Measured compression (live Claude CLI, 10 prompts, tiktoken):

Arm Total tokens vs baseline vs terse
baseline (no system prompt) 2,696 −42%
terse (control: Answer concisely.) 4,611 +71%
rulebook-terse (skill active) 1,940 −28% −58%

Honest delta = rulebook-terse vs terse = 57.9% average lift. Per-prompt range 34% → 77%. All 10 prompts clear the 15% threshold individually. Notable finding: the terse control inflates 71% above baseline because Answer concisely. alone steers the model to structured headings + code blocks, which are token-heavy. The skill's explicit drop-rules reverse that effect — the final token count is also below baseline.

Snapshots committed under evals/snapshots/results.json (regenerate via npx tsx evals/cli_run.ts — uses Claude Code CLI, no API-key env var needed).
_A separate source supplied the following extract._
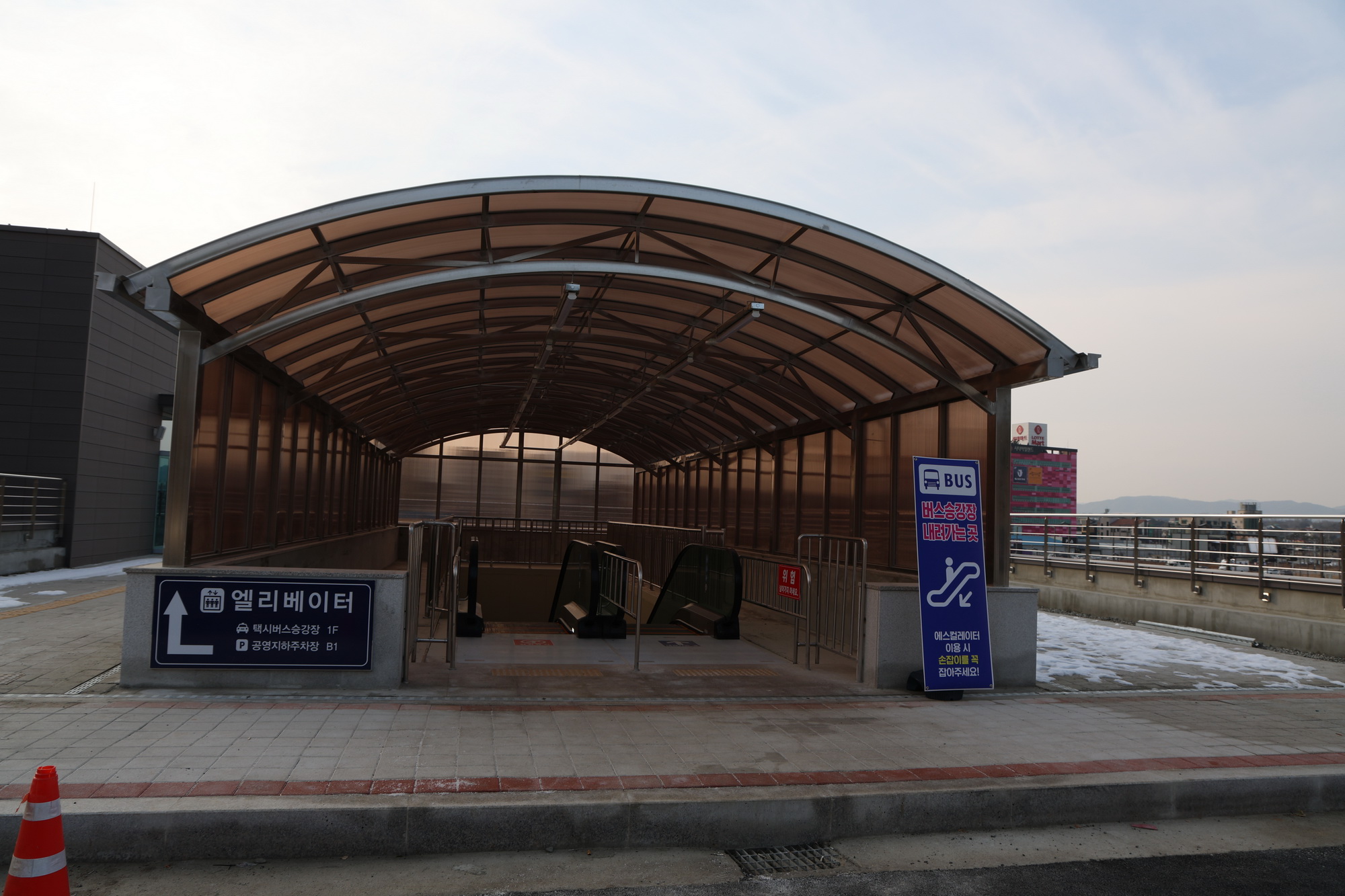스마트정류장에서 차를 세우고 아래에서 엘레베이터나 에스컬레이터를 이용해서 홍성역으로 올라갈 수가 있습니다.

See docs/analysis/caveman/03-evaluation.md for methodology.

Fixed

  • tests/memory-coverage.test.ts searchLike fallback tests now work on both sqlite backends. Previously failed in Windows dev environments where better-sqlite3 native bindings are not built; the MemoryStore falls back to sql.js there, and sql.js has no FTS5 so the searchLike path is already the default.

Changed

  • rulebook doctor now runs seven checks (added Compression backups + Terse evals freshness).
  • rulebook init / rulebook update install the three terse skills into .claude/skills/ by default (auto-detected as core skills).
  • .rulebook/specs/RULEBOOK_TERSE.md is the new project-level spec for the feature.
  • .rulebook/specs/RULEBOOK_MCP.md documents the three new MCP tools (rulebook_compress, rulebook_compress_list, rulebook_evals_measure, rulebook_evals_run).

Migration

No breaking changes — v5.4.0 is fully additive over v5.3.x.
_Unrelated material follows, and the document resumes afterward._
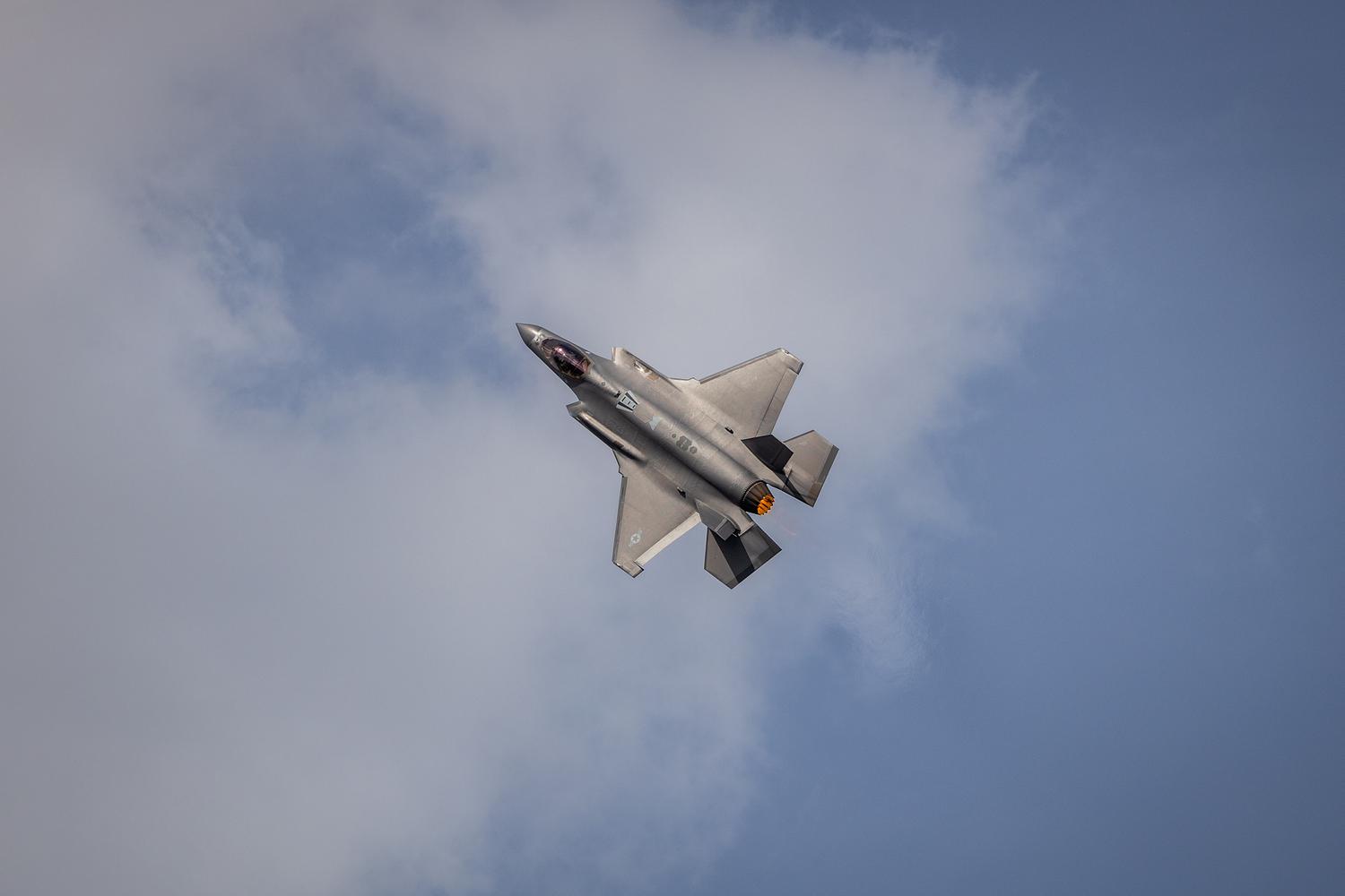A United States Air Force F-35 Lightning climbing passed some clouds

  • Fresh install (npm): npm install @hivehub/rulebook@5.4.0, then rulebook init.
  • Upgrading from v5.3.x: rulebook update installs the terse skills and wires the hooks. Mode can be set with /rulebook-terse brief|terse|ultra|off or via the terse.defaultMode field in .rulebook/rulebook.json. Export RULEBOOK_TERSE_MODE to override per session.
  • Opt-out: skip rulebook update and continue using v5.3.x features. The new skill family can also be disabled per-project with rulebook skill remove rulebook-terse after install.